Limitations & Future Work¶
- Expert Data Acquisition: Still requires sampling expert trajectories from a pre-trained TD-MPC2 model; obtaining high-quality expert demonstrations in real-world scenarios can be difficult.
- Computational Overhead: MPPI planning requires multiple iterations of sampling and rollouts, incurring higher inference costs than policy-only methods.
- Deterministic Environment Assumptions: Most experiment environments feature deterministic dynamics; performance in high-stochasticity environments remains to be verified.
- Single-task Design: Trains an independent world model for each task, lacking cross-task generalization capabilities.
- Lack of Real-robot Validation: All experiments are conducted in simulated environments; sim-to-real transfer is not discussed.
Related Work & Insights¶
- IQ-Learn (Garg et al., 2021): Serves as the theoretical foundation for this work, introducing inverse soft-Q learning to shift IRL optimization from the reward space to the Q space.
- TD-MPC / TD-MPC2 (Hansen et al., 2022/2023): Serves as the architectural blueprint for this work, offering a decoder-free world model + MPPI planning framework.
- GAIL (Ho & Ermon, 2016): Classic adversarial imitation learning; this work builds upon it by resolving the instability of min-max optimization.

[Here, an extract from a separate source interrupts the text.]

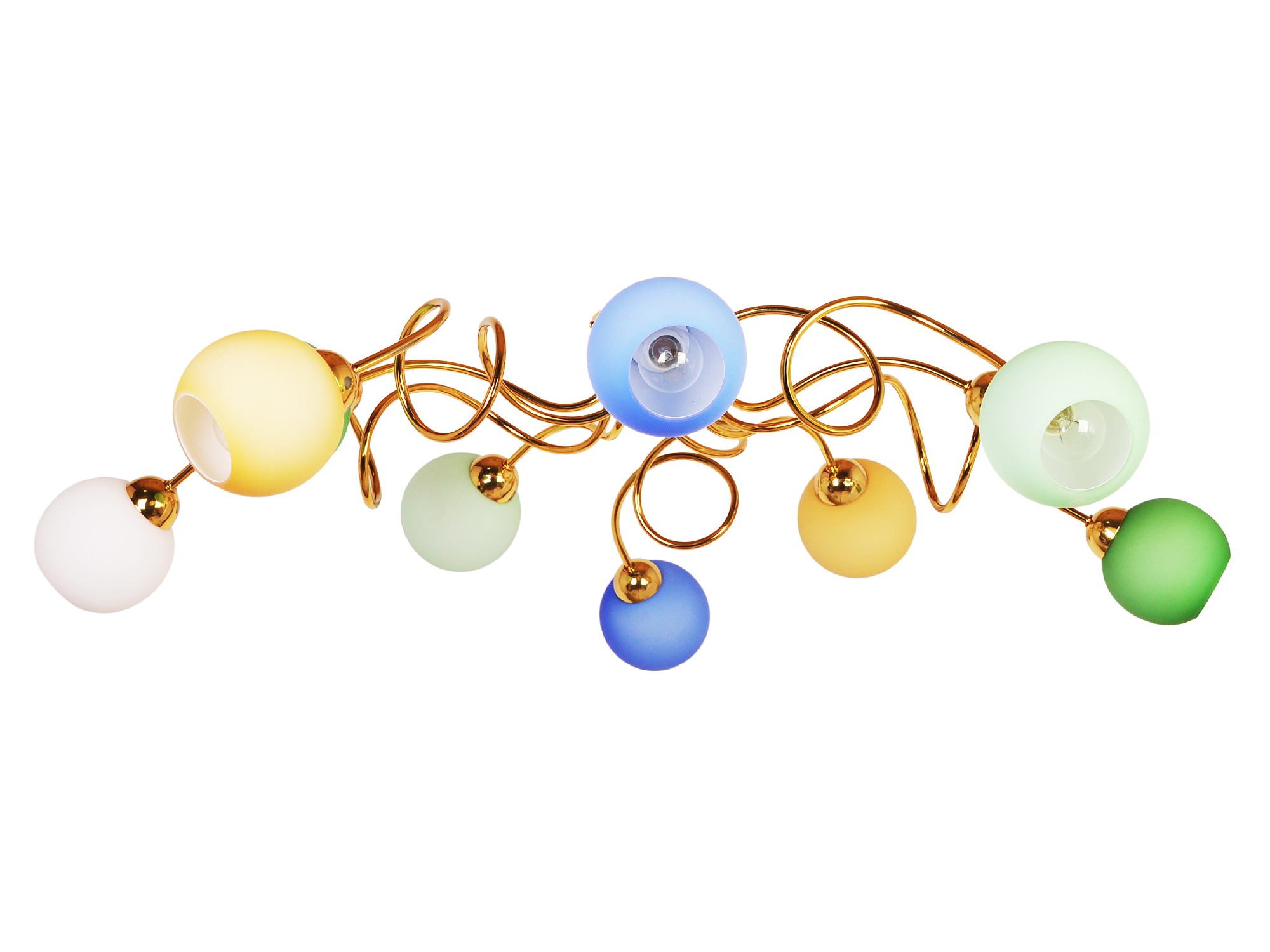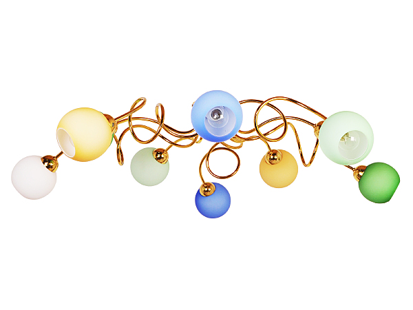 Допускается отличие страны-изготовителя, указанной в характеристиках. Линии производства могут находиться в нескольких государствах. Это не влияет на качество изготовления товара: все заводы данного бренда работают по общим стандартам, а готовые изделия проходят соответствующий контроль.Италия ЦветЦвет арматуры Золото Цвет Разноцветные Материал арматуры Металл Материал плафона Стекло РазмерыВысота (мм) 260 Диаметр (мм) 1000 Ширина (мм) 1000 ЭлектрикаКоличество ламп (шт) 10 Цоколь E14 Тип лампы Светодиодная, Накаливания Мощность лампы (Вт) 40 Напряжение (В) 220 Площадь освещения 25 Дополнительная информацияСпособ крепления Планка Степень защиты (IP) IP20 Вес (Кг) 5,8 -

- CMIL (Kolev et al., 2024): Conservative world model for imitation learning in visual manipulation; its bounded suboptimality lemma is referenced in the theoretical analysis.
Rating¶
- Novelty: ⭐⭐⭐⭐ — Combining a decoder-free world model with inverse soft-Q learning for online imitation learning is a novel combination; the reward-free planning design is simple and elegant.

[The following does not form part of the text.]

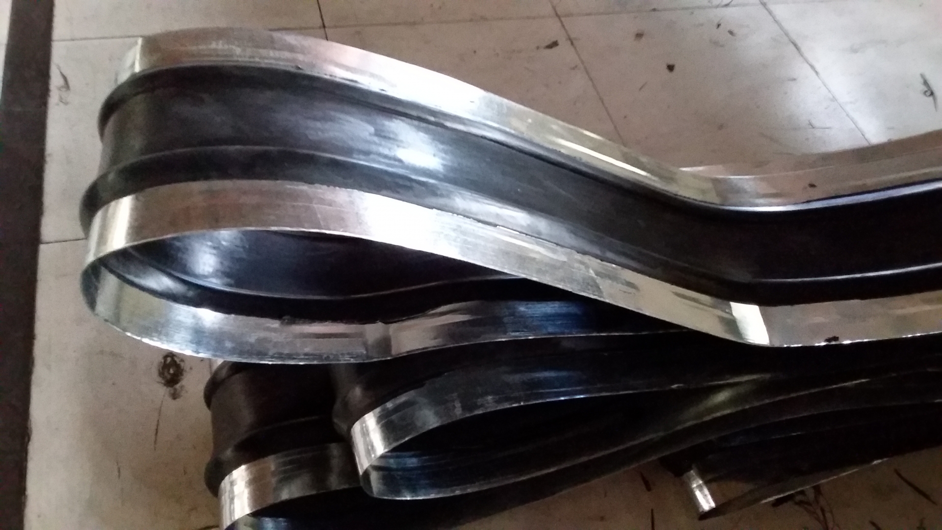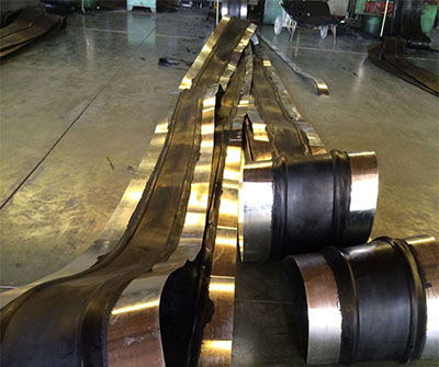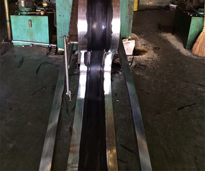 三、工藝流程:我們可以先將經(jīng)過(guò)先期處置的鍍鋅鋼帶拔出橡膠兩頭硫化成形,兩者之間的粘結(jié)力的結(jié)實(shí)性,具有分明防滲止水方面的效果。鋼邊止水帶的兩頭橡膠體在構(gòu)造變形時(shí)被緊縮、拉伸、變形,而起到密封止水作用;鍍鋅鋼帶與混凝土有著良好的粘附性,不易零落和松動(dòng),使止水帶能接受較大的拉力和扭力。在施工中由于混凝土澆筑時(shí)的宏大振動(dòng)力和不易固定,會(huì)使普通橡膠止水帶發(fā)生移位、扯離、改變而呈現(xiàn)松動(dòng)和零落,致使在水壓較大的狀況下會(huì)發(fā)生滲漏景象,而采用鋼邊橡膠止水帶時(shí),由于鋼帶與混凝土、鋼帶與橡膠之間不會(huì)發(fā)生新的滲漏縫。

- Experimental Thoroughness: ⭐⭐⭐⭐ — Covers three categories of tasks (locomotion, manipulation, and vision) with thorough ablation studies, though it lacks real-robot validation.

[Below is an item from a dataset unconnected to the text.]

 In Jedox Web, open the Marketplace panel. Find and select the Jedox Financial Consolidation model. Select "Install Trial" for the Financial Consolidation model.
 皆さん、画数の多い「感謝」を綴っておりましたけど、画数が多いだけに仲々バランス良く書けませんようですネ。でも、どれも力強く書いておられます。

- Writing Quality: ⭐⭐⭐⭐ — The theoretical derivations are clear, experimental descriptions are comprehensive, and notations are consistent and standardized.
- Value: ⭐⭐⭐⭐ — The breakthrough performance in dexterous manipulation (baselines success rate ~0% vs. IQ-MPC 73-96%) demonstrates the practical value of the method.